German Reichstag. (Credit: Bernd Juergens - Shutterstock.com

Takeaways


  • With all the criticism, one might feel sorry for poor little Germany – except there is more than a little truth in it.
  • German policy has precipitated serious stock market downturns in 2011, 2012 and again in 2014.
  • Because of its role in Europe, Germany exerts a global influence far above its actual weight. There’s the rub.
  • The export-driven German economy has been Europe’s bulwark against a meltdown of the Eurozone economy.
  • It is time for Germany to truly exert a liberal influence in the global economy.

It seems that everyone in the world of economics is picking on Germany these days. Germany, they say, is stalling global growth and leading the European Union into a “triple” dip recession.

Germany, they insist, is strangling the world banking system by insisting on risk measures that force banks to shrink their balance sheets and curtail lending.

Germany, they point out, is using its international economic leverage irresponsibly by insisting on austerity at home and abroad.

In the face of all this criticism, one might feel sorry for poor little Germany — except for one thing. There is more than a little bit of truth in all the criticism.

In fact, looking at the stock market as a leading indicator of global economic risk, one finds that German policy has precipitated serious market downturns in 2011, 2012 and again in 2014.

Eurozone in the lead

You may well ask how an economy, which according to the International Monetary Fund represented only 4.9% (or 1/20th) of global GDP in 2013, can be so central to the global economic outlook.

The answer is simple: Germany’s 4.9% of global GDP translates to 20.8% of European Union GDP. Europe’s share of the global economy — at 23.4% — is higher than that of either the U.S. at 22.4% or China, at a relatively meager 12.7% of global GDP.

As a result of its leadership role in the European Union, Germany exerts a global influence far above its actual weight. And therein lies the rub.

Such a role requires international leadership, which has not necessarily been a characteristic of the German economy to date. Since 1950, Germany has pursued what many would describe as a parochial path through global markets.

It has succeeded in export markets, which have served the country extremely well. Meanwhile, it has emphasized maintaining stable monetary and fiscal policies that are suited to the German temperament.

Germany’s 21st century responsibility

Now, however, Germany confronts a different challenge: It faces responsibilities that extend beyond its own borders and the traditional thinking of its historically inward-looking economic brain trust.

Because of its leadership position in the European economy, Germany-first (or Germany-only) policies — however desirable they may be to the German electorate — are no longer compatible with Germany’s role in the world.

The bottom line here is this: A position of leadership inevitably entails responsibility.

While the Germans are still coming to terms with their global standing, the country’s economy suffered a decline in GDP growth in the second quarter of 2014.
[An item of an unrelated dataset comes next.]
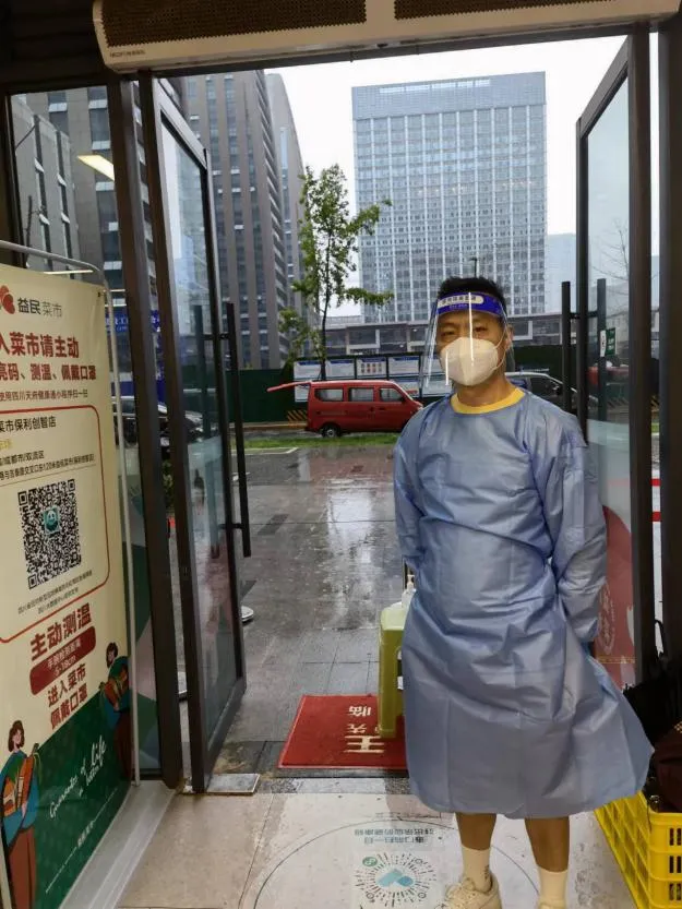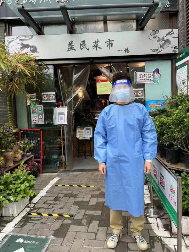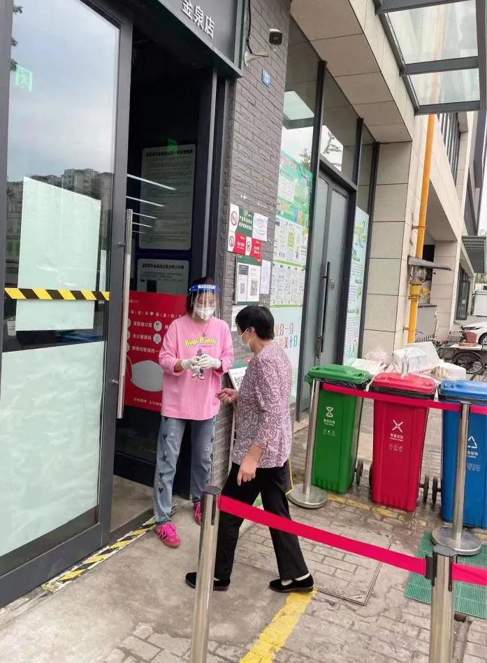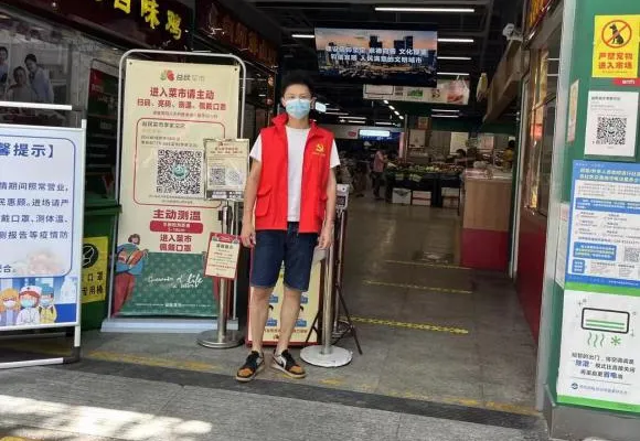同时,他也参与了益民菜市支援。由于蔬菜、食品等生活必需物资需求量较大,益民菜市人流量相对较多、情况也更为复杂,他必须站在门店门口,严格对进店购物的市民扫码测温,查验健康码、核酸信息,引导市民有序购买生活必需品。

In fact, the German economy is no longer doing what it usually does best — chugging along nicely. Instead, it has started producing startlingly weak early indicators on an almost daily basis.

With its exports down by 5.9% in September and other indicators on Angela Merkel’s economic dashboard flashing red, there is an increasing likelihood that Germany will deal with a second quarter of contraction — in other words, a recession.

At the same time, the export-driven German economy has been Europe’s bulwark against a broad-based meltdown of the Eurozone economy as a whole. Much of Southern Europe remains mired in a slow growth, high unemployment malaise. A healthy German economy has compensated for these deficits within the EU.

But a Germany afflicted with the same malaise will exacerbate the problems that afflict much of the rest of Europe, which in turn will exacerbate Germany’s own problems.

External pressures

To be sure, geopolitical issues also confound European economies. Progressively aggressive Western sanctions on Russia threaten to cut off a major Western European export market — here too, the emphasis is on Germany.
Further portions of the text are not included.